**DATA FOR THIS EXERCISE**
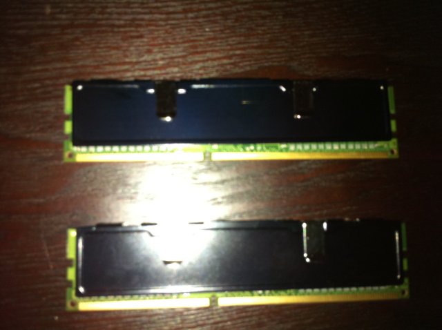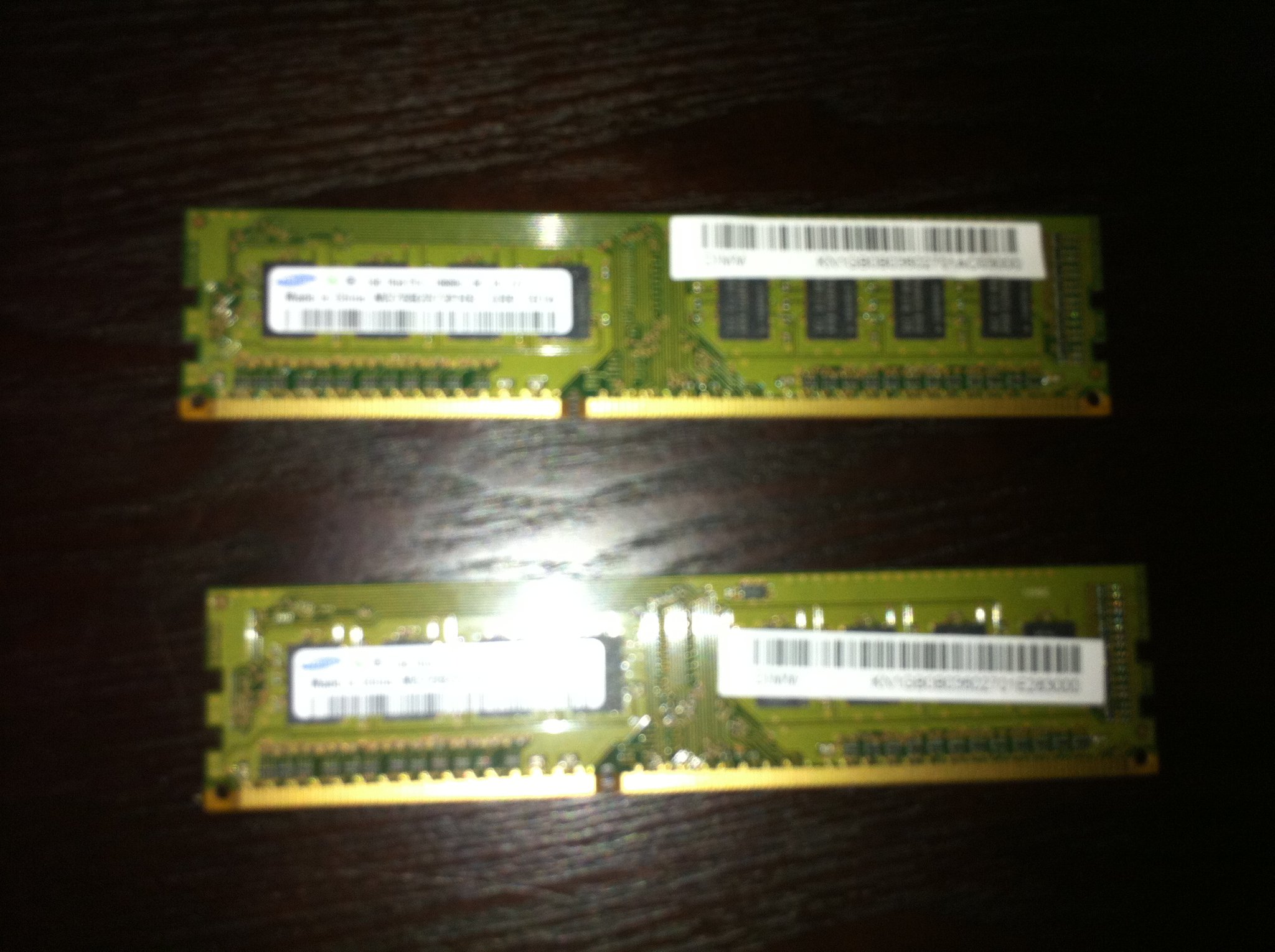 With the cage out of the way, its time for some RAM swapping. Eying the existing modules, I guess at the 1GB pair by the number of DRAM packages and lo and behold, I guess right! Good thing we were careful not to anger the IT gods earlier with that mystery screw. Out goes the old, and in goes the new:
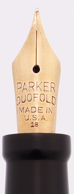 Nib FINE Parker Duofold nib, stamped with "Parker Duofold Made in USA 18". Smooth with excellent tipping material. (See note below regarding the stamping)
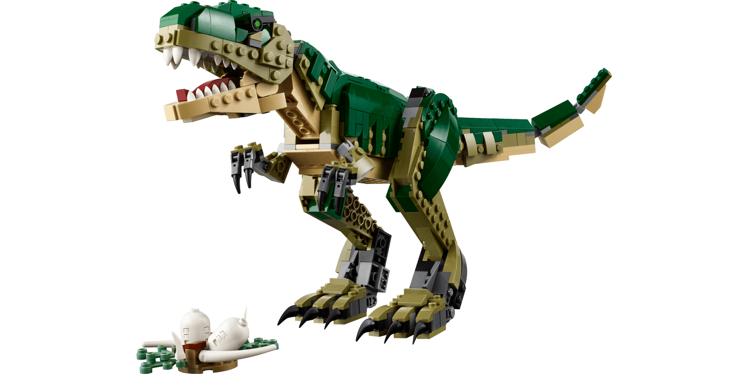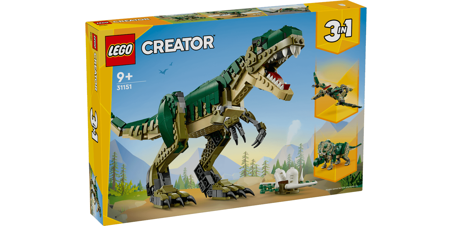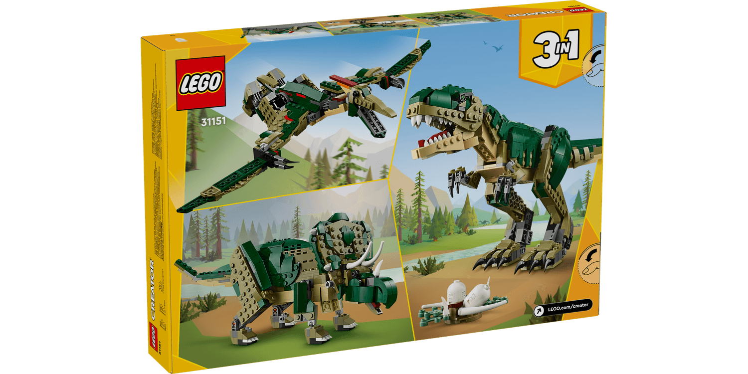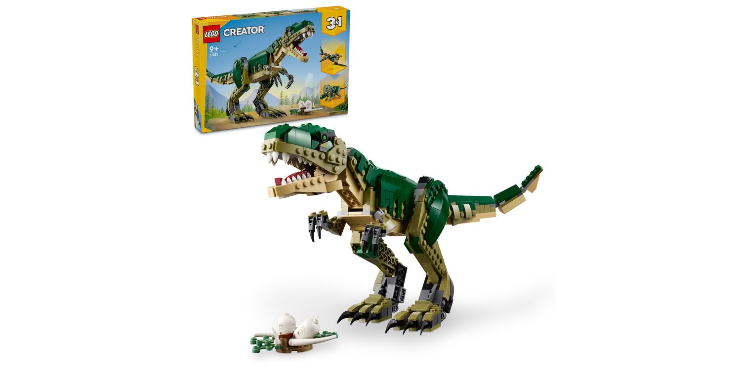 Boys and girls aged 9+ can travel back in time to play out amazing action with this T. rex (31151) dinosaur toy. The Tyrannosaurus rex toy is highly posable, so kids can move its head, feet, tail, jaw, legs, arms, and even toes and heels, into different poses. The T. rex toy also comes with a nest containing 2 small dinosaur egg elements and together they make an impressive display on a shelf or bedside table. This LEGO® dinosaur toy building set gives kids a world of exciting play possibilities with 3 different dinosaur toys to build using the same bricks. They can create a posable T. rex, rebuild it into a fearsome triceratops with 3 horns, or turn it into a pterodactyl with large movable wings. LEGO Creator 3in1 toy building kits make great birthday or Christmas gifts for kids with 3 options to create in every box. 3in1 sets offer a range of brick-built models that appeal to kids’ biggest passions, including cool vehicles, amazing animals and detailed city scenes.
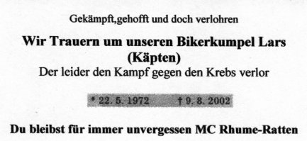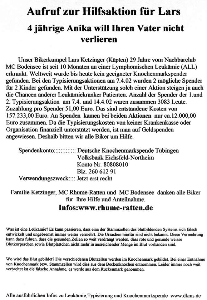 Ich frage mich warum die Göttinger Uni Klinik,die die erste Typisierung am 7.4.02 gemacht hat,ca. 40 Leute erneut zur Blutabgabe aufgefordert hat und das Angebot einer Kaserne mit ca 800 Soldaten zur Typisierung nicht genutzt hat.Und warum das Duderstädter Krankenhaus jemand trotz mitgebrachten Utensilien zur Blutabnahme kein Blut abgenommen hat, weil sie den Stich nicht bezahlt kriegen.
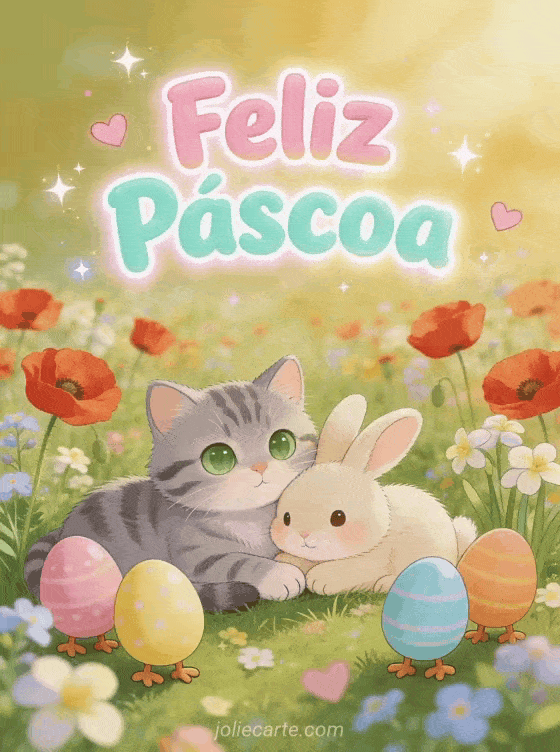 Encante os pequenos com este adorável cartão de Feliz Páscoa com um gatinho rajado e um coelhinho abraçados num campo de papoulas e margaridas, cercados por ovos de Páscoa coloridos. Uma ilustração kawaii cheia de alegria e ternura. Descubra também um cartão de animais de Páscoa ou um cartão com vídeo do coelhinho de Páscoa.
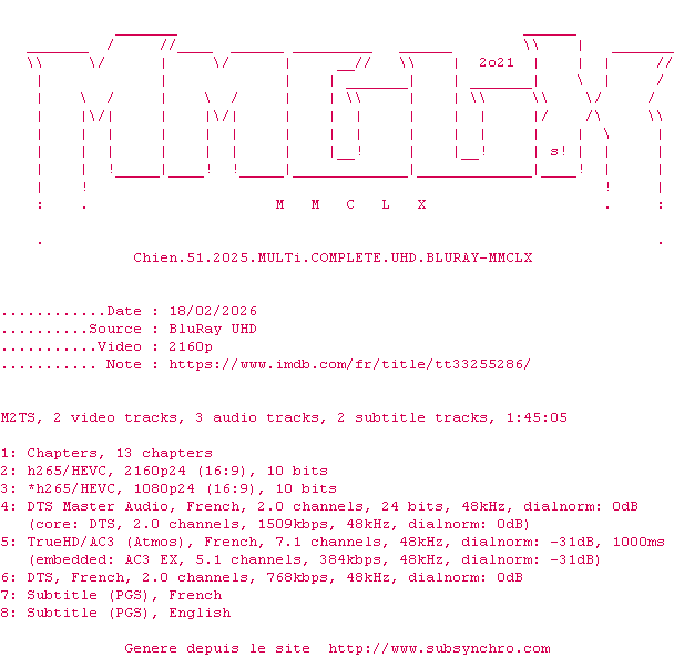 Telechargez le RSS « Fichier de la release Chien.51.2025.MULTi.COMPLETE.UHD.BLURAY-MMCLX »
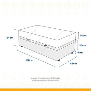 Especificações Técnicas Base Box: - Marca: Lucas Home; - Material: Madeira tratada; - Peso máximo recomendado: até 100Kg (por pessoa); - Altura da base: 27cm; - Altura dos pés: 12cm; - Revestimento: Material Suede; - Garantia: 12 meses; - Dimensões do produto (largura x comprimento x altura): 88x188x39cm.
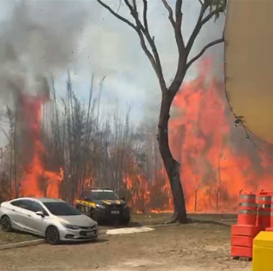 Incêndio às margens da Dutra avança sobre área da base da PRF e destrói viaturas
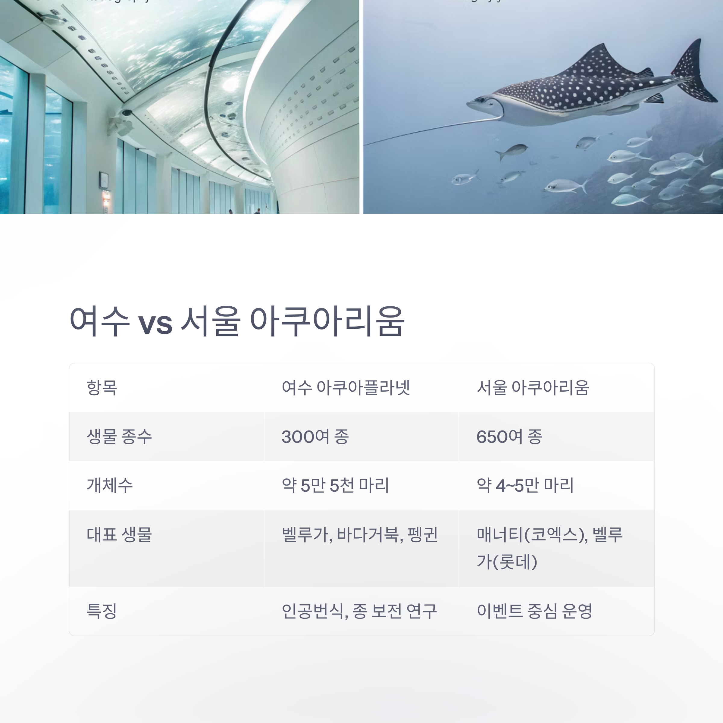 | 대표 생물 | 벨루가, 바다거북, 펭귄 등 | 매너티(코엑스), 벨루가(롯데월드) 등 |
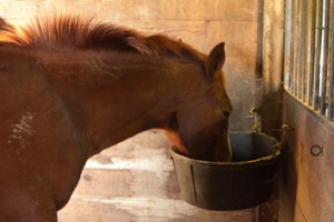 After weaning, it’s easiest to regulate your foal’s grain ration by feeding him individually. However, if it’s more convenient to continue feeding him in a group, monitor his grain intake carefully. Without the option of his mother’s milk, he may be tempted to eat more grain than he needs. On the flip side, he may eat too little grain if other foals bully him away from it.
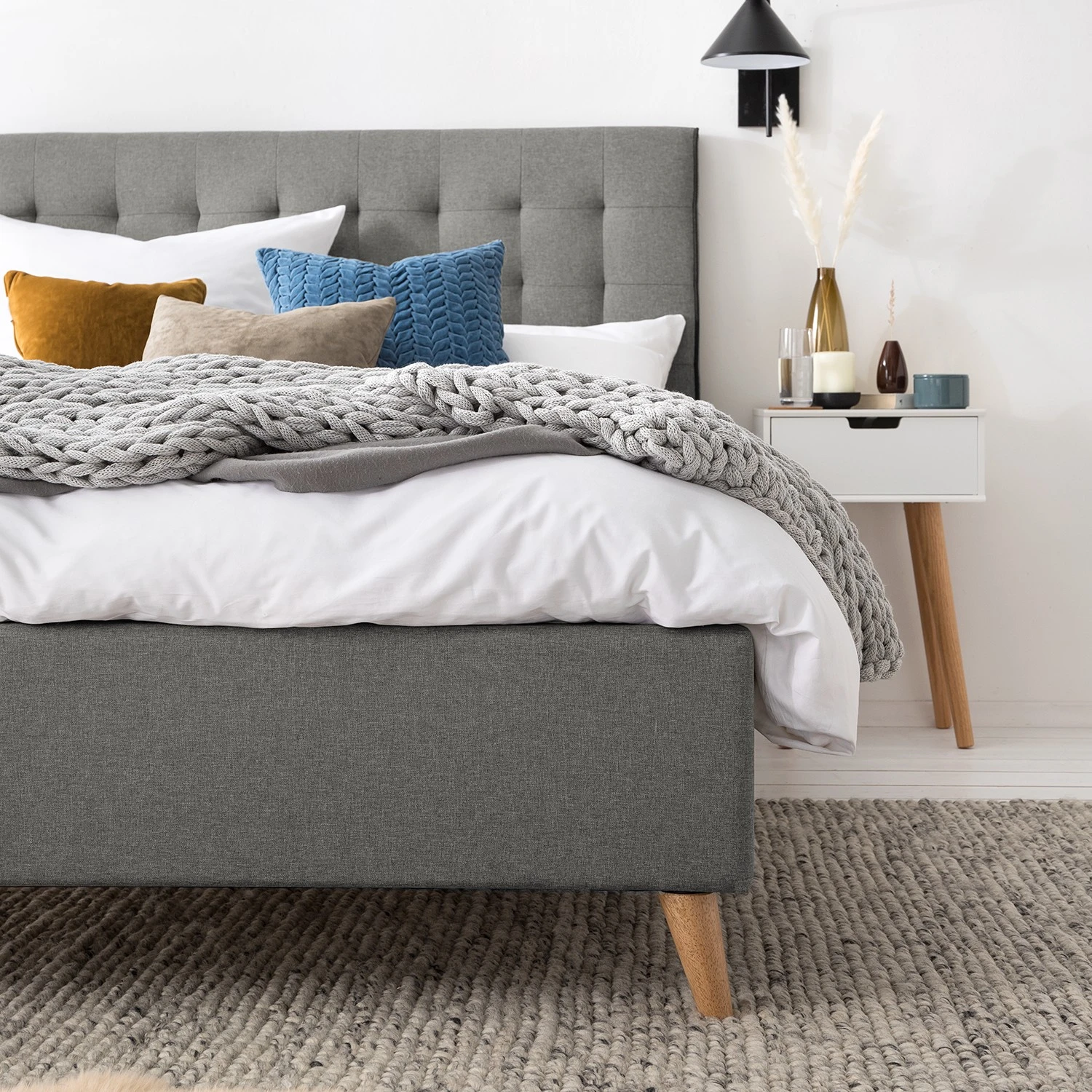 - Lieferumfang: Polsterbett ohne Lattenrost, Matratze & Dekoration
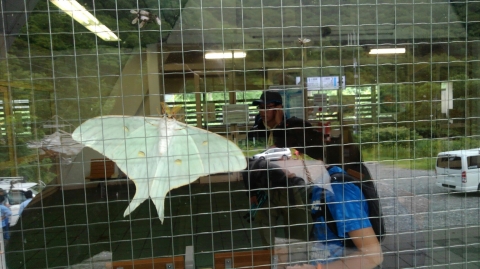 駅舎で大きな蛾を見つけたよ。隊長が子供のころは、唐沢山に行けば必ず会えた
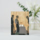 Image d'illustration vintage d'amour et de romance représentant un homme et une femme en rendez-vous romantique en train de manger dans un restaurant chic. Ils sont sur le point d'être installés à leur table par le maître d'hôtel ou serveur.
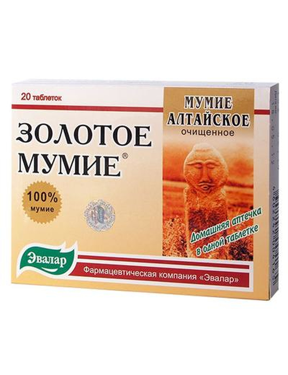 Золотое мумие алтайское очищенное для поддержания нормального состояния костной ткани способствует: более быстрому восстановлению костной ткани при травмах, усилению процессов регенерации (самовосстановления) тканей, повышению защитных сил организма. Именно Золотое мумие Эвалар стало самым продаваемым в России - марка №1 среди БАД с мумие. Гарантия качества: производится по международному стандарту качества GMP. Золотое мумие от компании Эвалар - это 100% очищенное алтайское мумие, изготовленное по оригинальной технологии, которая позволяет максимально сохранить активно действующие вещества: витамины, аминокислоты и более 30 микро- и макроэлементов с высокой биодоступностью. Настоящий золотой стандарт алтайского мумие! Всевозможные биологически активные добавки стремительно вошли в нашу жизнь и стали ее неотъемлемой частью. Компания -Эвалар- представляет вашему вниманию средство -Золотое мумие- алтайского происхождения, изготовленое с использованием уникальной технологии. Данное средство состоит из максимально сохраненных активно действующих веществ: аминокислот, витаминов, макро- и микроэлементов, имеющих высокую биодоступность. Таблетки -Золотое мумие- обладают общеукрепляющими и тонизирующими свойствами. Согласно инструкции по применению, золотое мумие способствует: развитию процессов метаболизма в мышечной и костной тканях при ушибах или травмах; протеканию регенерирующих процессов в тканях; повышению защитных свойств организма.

**ACTION ITEM**
Copy each entry exactly, with no pictures.

**RESPONSE AREA**
 With the cage out of the way, its time for some RAM swapping. Eying the existing modules, I guess at the 1GB pair by the number of DRAM packages and lo and behold, I guess right! Good thing we were careful not to anger the IT gods earlier with that mystery screw. Out goes the old, and in goes the new:
 Nib FINE Parker Duofold nib, stamped with "Parker Duofold Made in USA 18". Smooth with excellent tipping material. (See note below regarding the stamping)
 Boys and girls aged 9+ can travel back in time to play out amazing action with this T. rex (31151) dinosaur toy. The Tyrannosaurus rex toy is highly posable, so kids can move its head, feet, tail, jaw, legs, arms, and even toes and heels, into different poses. The T. rex toy also comes with a nest containing 2 small dinosaur egg elements and together they make an impressive display on a shelf or bedside table. This LEGO® dinosaur toy building set gives kids a world of exciting play possibilities with 3 different dinosaur toys to build using the same bricks. They can create a posable T. rex, rebuild it into a fearsome triceratops with 3 horns, or turn it into a pterodactyl with large movable wings. LEGO Creator 3in1 toy building kits make great birthday or Christmas gifts for kids with 3 options to create in every box. 3in1 sets offer a range of brick-built models that appeal to kids’ biggest passions, including cool vehicles, amazing animals and detailed city scenes.
 Ich frage mich warum die Göttinger Uni Klinik,die die erste Typisierung am 7.4.02 gemacht hat,ca. 40 Leute erneut zur Blutabgabe aufgefordert hat und das Angebot einer Kaserne mit ca 800 Soldaten zur Typisierung nicht genutzt hat.Und warum das Duderstädter Krankenhaus jemand trotz mitgebrachten Utensilien zur Blutabnahme kein Blut abgenommen hat, weil sie den Stich nicht bezahlt kriegen.
 Encante os pequenos com este adorável cartão de Feliz Páscoa com um gatinho rajado e um coelhinho abraçados num campo de papoulas e margaridas, cercados por ovos de Páscoa coloridos. Uma ilustração kawaii cheia de alegria e ternura. Descubra também um cartão de animais de Páscoa ou um cartão com vídeo do coelhinho de Páscoa.
 Telechargez le RSS « Fichier de la release Chien.51.2025.MULTi.COMPLETE.UHD.BLURAY-MMCLX »
 Especificações Técnicas Base Box: - Marca: Lucas Home; - Material: Madeira tratada; - Peso máximo recomendado: até 100Kg (por pessoa); - Altura da base: 27cm; - Altura dos pés: 12cm; - Revestimento: Material Suede; - Garantia: 12 meses; - Dimensões do produto (largura x comprimento x altura): 88x188x39cm.
 Incêndio às margens da Dutra avança sobre área da base da PRF e destrói viaturas
 | 대표 생물 | 벨루가, 바다거북, 펭귄 등 | 매너티(코엑스), 벨루가(롯데월드) 등 |
 After weaning, it’s easiest to regulate your foal’s grain ration by feeding him individually. However, if it’s more convenient to continue feeding him in a group, monitor his grain intake carefully. Without the option of his mother’s milk, he may be tempted to eat more grain than he needs. On the flip side, he may eat too little grain if other foals bully him away from it.
 - Lieferumfang: Polsterbett ohne Lattenrost, Matratze & Dekoration
 駅舎で大きな蛾を見つけたよ。隊長が子供のころは、唐沢山に行けば必ず会えた
 Image d'illustration vintage d'amour et de romance représentant un homme et une femme en rendez-vous romantique en train de manger dans un restaurant chic. Ils sont sur le point d'être installés à leur table par le maître d'hôtel ou serveur.
 Золотое мумие алтайское очищенное для поддержания нормального состояния костной ткани способствует: более быстрому восстановлению костной ткани при травмах, усилению процессов регенерации (самовосстановления) тканей, повышению защитных сил организма. Именно Золотое мумие Эвалар стало самым продаваемым в России - марка №1 среди БАД с мумие. Гарантия качества: производится по международному стандарту качества GMP. Золотое мумие от компании Эвалар - это 100% очищенное алтайское мумие, изготовленное по оригинальной технологии, которая позволяет максимально сохранить активно действующие вещества: витамины, аминокислоты и более 30 микро- и макроэлементов с высокой биодоступностью. Настоящий золотой стандарт алтайского мумие! Всевозможные биологически активные добавки стремительно вошли в нашу жизнь и стали ее неотъемлемой частью. Компания -Эвалар- представляет вашему вниманию средство -Золотое мумие- алтайского происхождения, изготовленое с использованием уникальной технологии. Данное средство состоит из максимально сохраненных активно действующих веществ: аминокислот, витаминов, макро- и микроэлементов, имеющих высокую биодоступность. Таблетки -Золотое мумие- обладают общеукрепляющими и тонизирующими свойствами. Согласно инструкции по применению, золотое мумие способствует: развитию процессов метаболизма в мышечной и костной тканях при ушибах или травмах; протеканию регенерирующих процессов в тканях; повышению защитных свойств организма.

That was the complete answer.